Participants in Chelsea’s Hub say the weekly meetings—and many phone calls and texts in between—enable them to keep parolees out of jail, protect children from violence, and get people dealing with drug addiction into treatment. The meetings also exemplify how Chelsea works: All together.
“What makes Chelsea most unique is the level of collaboration that exists among the city and its community-based organizations,” says City Manager Tom Ambrosino. “It’s unmatched. It makes getting things accomplished here so much easier.”
Michael Caine, a recovery coach for North Suffolk Mental Health Services, is one of two community health navigators contracted by the City of Chelsea to connect teens and adults at risk of overdose and other health issues to a range of resources.
The city also contracts with CAPIC, a local social services nonprofit, to provide wrap-around services such as housing, food, and transportation. Clients’ outcomes are tracked, and Ambrosino reviews data quarterly to assess progress and recalibrate resources. The Hub is integral in coordinating these efforts.
Cain estimates he’s gotten 20 cases this year because of the Hub meetings. “I’m honored to work with this team,” says Cain, who is in recovery himself and lost his 24-year-old son to an opioid overdose in 2015. “It’s remarkable.”
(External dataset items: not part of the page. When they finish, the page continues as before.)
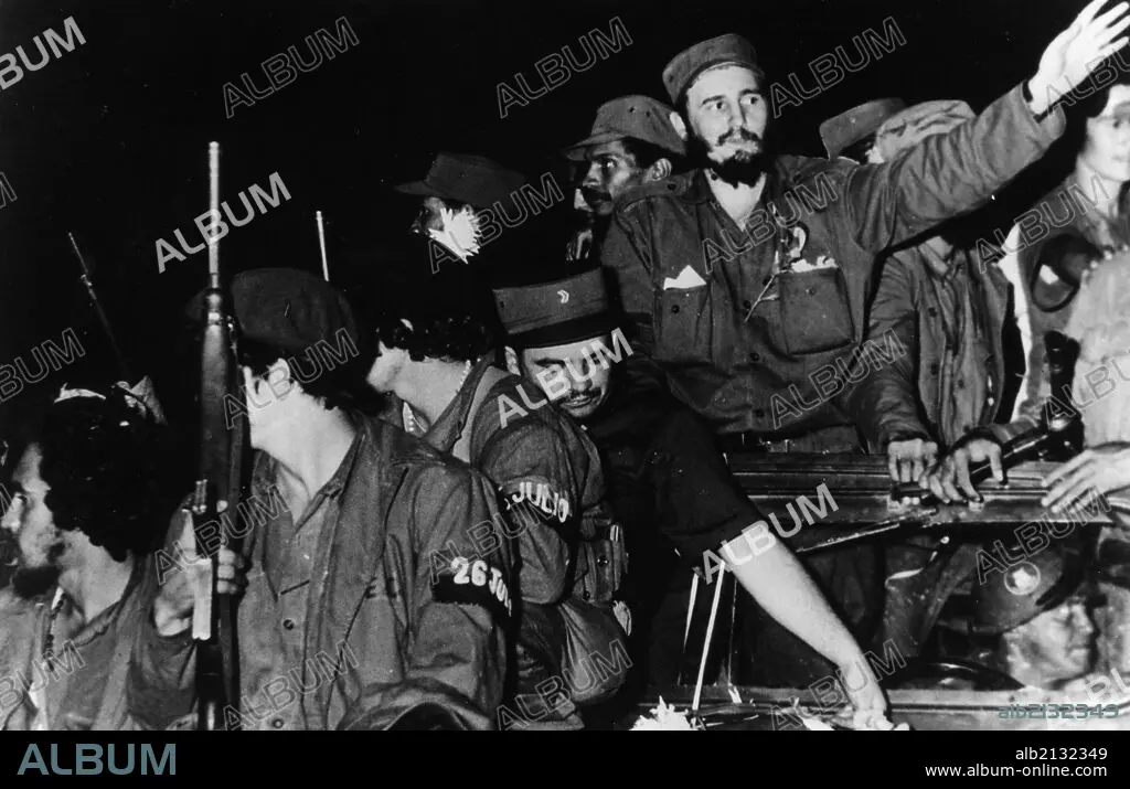 Title: Newly victorious fidel castro ruz entering havana at the head of his revolutionary army, cuba, 1959, juan almeida bosque is behind him in profile.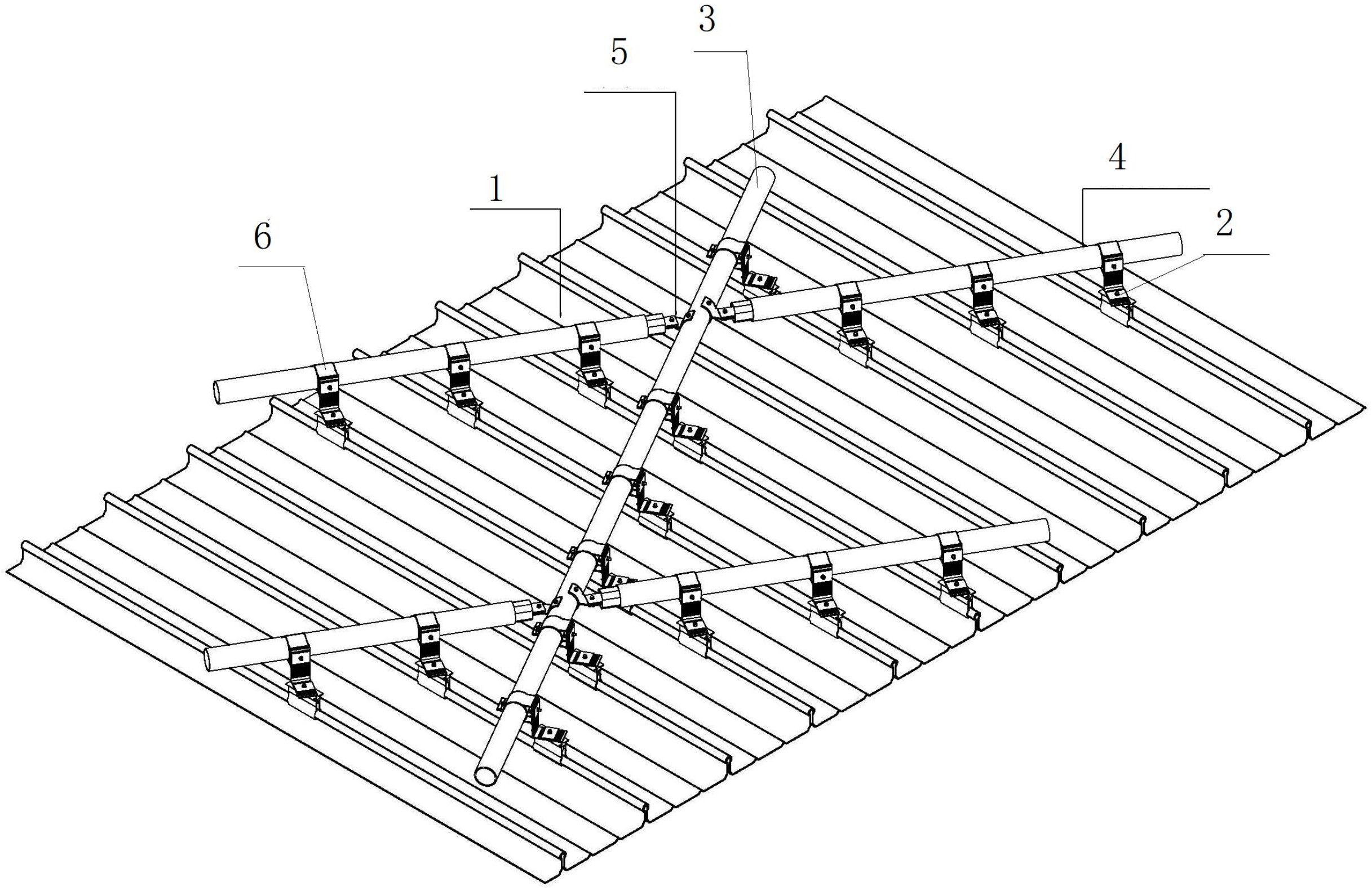 本实用新型公开了一种横纵铝龙骨新连接形式,包括:屋面板、一组转接组件、第一圆管主龙骨、一组第二圆管主龙骨和一组转接系统,所述转接组件设于屋面板上,所述第一圆管主龙骨设于屋面板上,所述第二圆管主龙骨相对设于第一圆管主龙骨两侧,其靠近第一圆管主龙骨一端通过转接系统与第一圆管主龙骨和第二圆管主龙骨均通过转接件与转接组件连接。本实用新型中所述的一种横纵铝龙骨新连接形式,其结构简单,设计合理,通过转接组件以及转接系统的设置,让其能够根据施工的实际需要对第一圆管主龙骨和第二圆管主龙骨安装角度进行调节,让其能够根据施工的需要自如调节,让其更好的满足施工的需要。
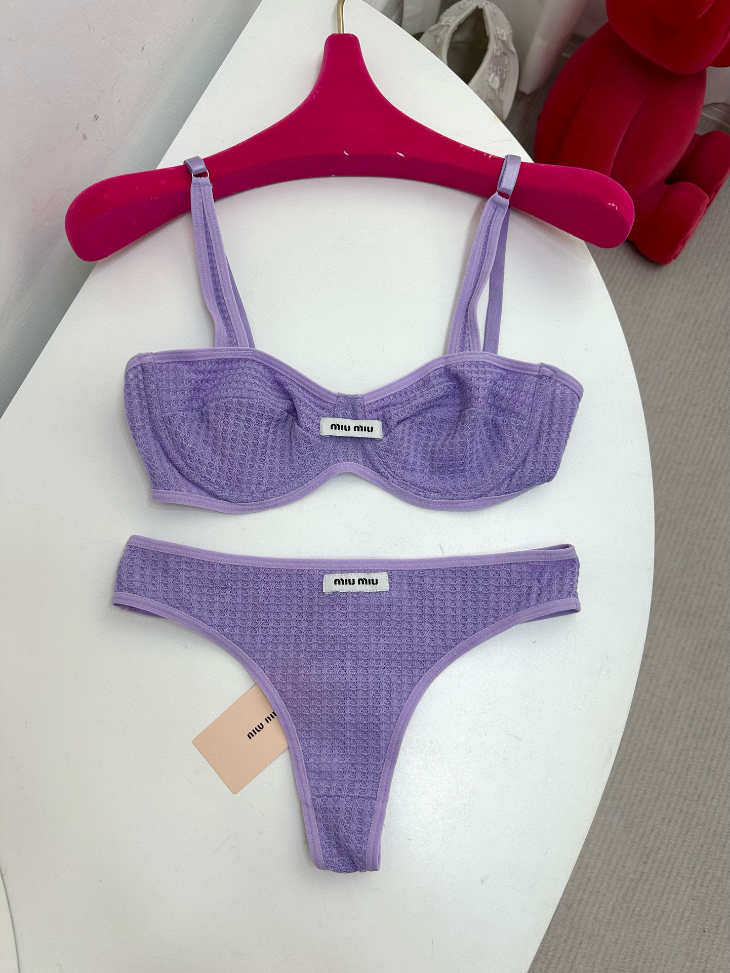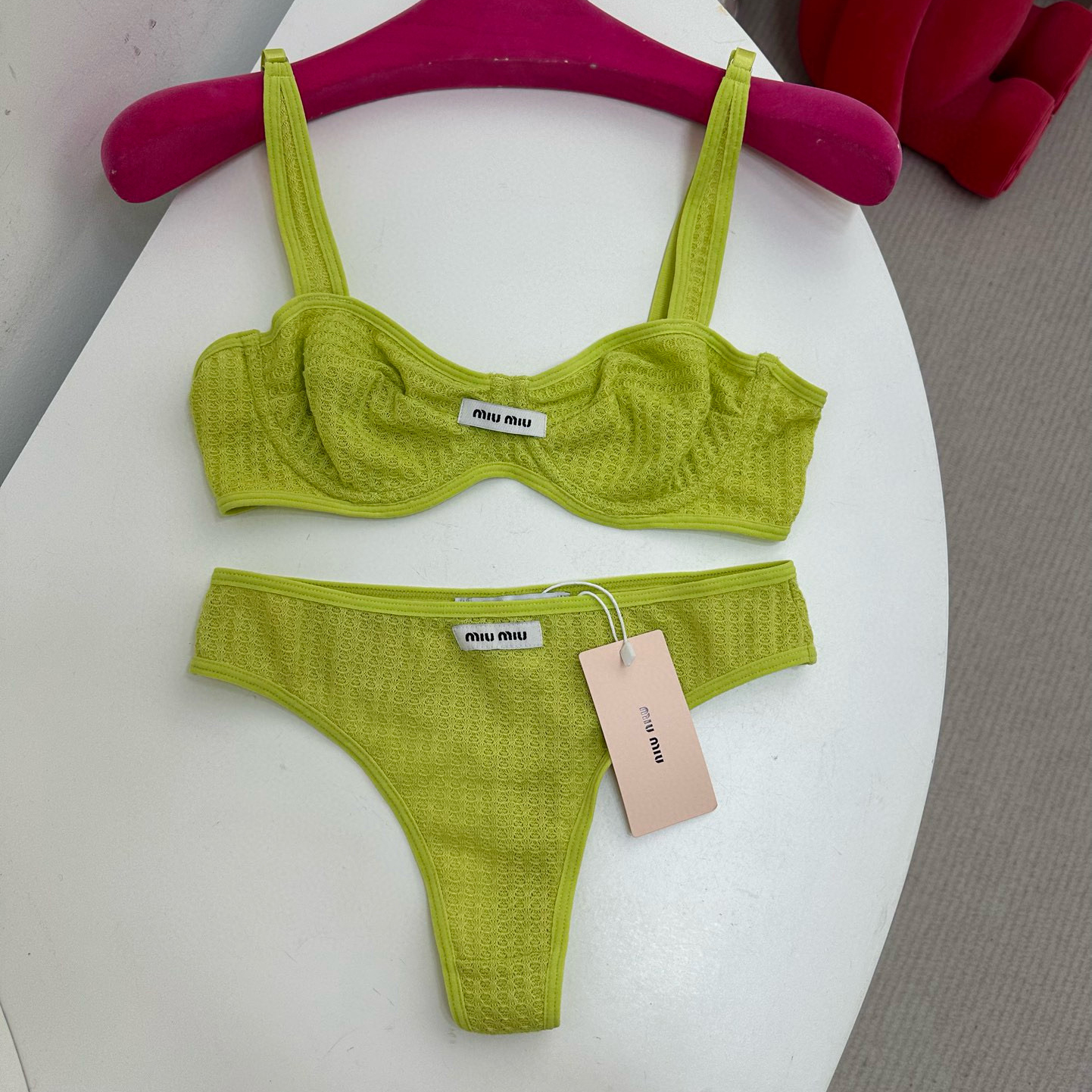NIGO MiuMiu Women's Summer Solid Color Monogram Printed Bra Triangle Panty Underpants Set Suit #nigo98894

The Hub is just one part of Chelsea Thrives, a cross-sector coalition launched in 2014 to reduce crime by 30 percent over 10 years. The Neighborhood Developers leads the coalition and involves two dozen partners, including Chelsea’s schools, its housing authority, and the Chamber of Commerce. The total number of crimes in Chelsea dropped 12.5% from 2014 to 2016, according to police department data.